(Extracted records)
:::::

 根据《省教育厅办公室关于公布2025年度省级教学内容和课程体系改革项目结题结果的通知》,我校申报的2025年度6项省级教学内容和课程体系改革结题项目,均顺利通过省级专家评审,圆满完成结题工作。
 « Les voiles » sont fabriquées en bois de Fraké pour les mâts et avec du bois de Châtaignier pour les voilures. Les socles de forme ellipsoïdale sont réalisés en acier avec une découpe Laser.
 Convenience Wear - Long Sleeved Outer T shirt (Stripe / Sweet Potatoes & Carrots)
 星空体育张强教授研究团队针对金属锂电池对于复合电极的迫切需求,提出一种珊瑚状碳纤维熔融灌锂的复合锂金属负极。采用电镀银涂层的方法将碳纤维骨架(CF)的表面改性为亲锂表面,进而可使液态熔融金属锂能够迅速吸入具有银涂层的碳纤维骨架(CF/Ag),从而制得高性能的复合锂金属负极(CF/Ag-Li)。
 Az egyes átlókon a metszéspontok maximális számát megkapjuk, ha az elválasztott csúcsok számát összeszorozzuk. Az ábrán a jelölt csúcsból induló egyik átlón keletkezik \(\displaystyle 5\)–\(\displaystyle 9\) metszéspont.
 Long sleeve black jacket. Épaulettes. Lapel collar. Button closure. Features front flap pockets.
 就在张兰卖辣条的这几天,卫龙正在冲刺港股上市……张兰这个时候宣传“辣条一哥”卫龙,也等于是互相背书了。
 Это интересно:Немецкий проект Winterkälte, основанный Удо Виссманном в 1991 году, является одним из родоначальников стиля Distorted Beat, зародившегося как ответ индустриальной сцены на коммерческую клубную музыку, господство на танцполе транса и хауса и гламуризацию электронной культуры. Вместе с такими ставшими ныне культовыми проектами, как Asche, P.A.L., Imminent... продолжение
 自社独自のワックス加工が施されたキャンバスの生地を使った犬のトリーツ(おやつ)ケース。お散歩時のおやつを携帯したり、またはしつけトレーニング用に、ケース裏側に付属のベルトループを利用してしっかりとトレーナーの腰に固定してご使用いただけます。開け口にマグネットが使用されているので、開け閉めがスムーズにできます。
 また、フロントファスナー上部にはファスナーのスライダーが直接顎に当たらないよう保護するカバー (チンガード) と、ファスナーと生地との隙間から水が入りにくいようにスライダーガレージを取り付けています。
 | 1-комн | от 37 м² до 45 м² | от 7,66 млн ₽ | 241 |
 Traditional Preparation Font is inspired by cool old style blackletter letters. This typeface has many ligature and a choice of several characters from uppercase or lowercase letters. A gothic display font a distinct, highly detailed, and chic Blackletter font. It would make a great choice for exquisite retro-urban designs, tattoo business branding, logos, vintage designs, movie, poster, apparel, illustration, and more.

:::::

All the records above need to be restated exactly, line by line.

 根据《省教育厅办公室关于公布2025年度省级教学内容和课程体系改革项目结题结果的通知》,我校申报的2025年度6项省级教学内容和课程体系改革结题项目,均顺利通过省级专家评审,圆满完成结题工作。
 « Les voiles » sont fabriquées en bois de Fraké pour les mâts et avec du bois de Châtaignier pour les voilures. Les socles de forme ellipsoïdale sont réalisés en acier avec une découpe Laser.
 Convenience Wear - Long Sleeved Outer T shirt (Stripe / Sweet Potatoes & Carrots)
 星空体育张强教授研究团队针对金属锂电池对于复合电极的迫切需求,提出一种珊瑚状碳纤维熔融灌锂的复合锂金属负极。采用电镀银涂层的方法将碳纤维骨架(CF)的表面改性为亲锂表面,进而可使液态熔融金属锂能够迅速吸入具有银涂层的碳纤维骨架(CF/Ag),从而制得高性能的复合锂金属负极(CF/Ag-Li)。
 Az egyes átlókon a metszéspontok maximális számát megkapjuk, ha az elválasztott csúcsok számát összeszorozzuk. Az ábrán a jelölt csúcsból induló egyik átlón keletkezik \(\displaystyle 5\)–\(\displaystyle 9\) metszéspont.
 Long sleeve black jacket. Épaulettes. Lapel collar. Button closure. Features front flap pockets.
 就在张兰卖辣条的这几天,卫龙正在冲刺港股上市……张兰这个时候宣传“辣条一哥”卫龙,也等于是互相背书了。
 Это интересно:Немецкий проект Winterkälte, основанный Удо Виссманном в 1991 году, является одним из родоначальников стиля Distorted Beat, зародившегося как ответ индустриальной сцены на коммерческую клубную музыку, господство на танцполе транса и хауса и гламуризацию электронной культуры. Вместе с такими ставшими ныне культовыми проектами, как Asche, P.A.L., Imminent... продолжение
 自社独自のワックス加工が施されたキャンバスの生地を使った犬のトリーツ(おやつ)ケース。お散歩時のおやつを携帯したり、またはしつけトレーニング用に、ケース裏側に付属のベルトループを利用してしっかりとトレーナーの腰に固定してご使用いただけます。開け口にマグネットが使用されているので、開け閉めがスムーズにできます。
 また、フロントファスナー上部にはファスナーのスライダーが直接顎に当たらないよう保護するカバー (チンガード) と、ファスナーと生地との隙間から水が入りにくいようにスライダーガレージを取り付けています。
 | 1-комн | от 37 м² до 45 м² | от 7,66 млн ₽ | 241 |
 Traditional Preparation Font is inspired by cool old style blackletter letters. This typeface has many ligature and a choice of several characters from uppercase or lowercase letters. A gothic display font a distinct, highly detailed, and chic Blackletter font. It would make a great choice for exquisite retro-urban designs, tattoo business branding, logos, vintage designs, movie, poster, apparel, illustration, and more.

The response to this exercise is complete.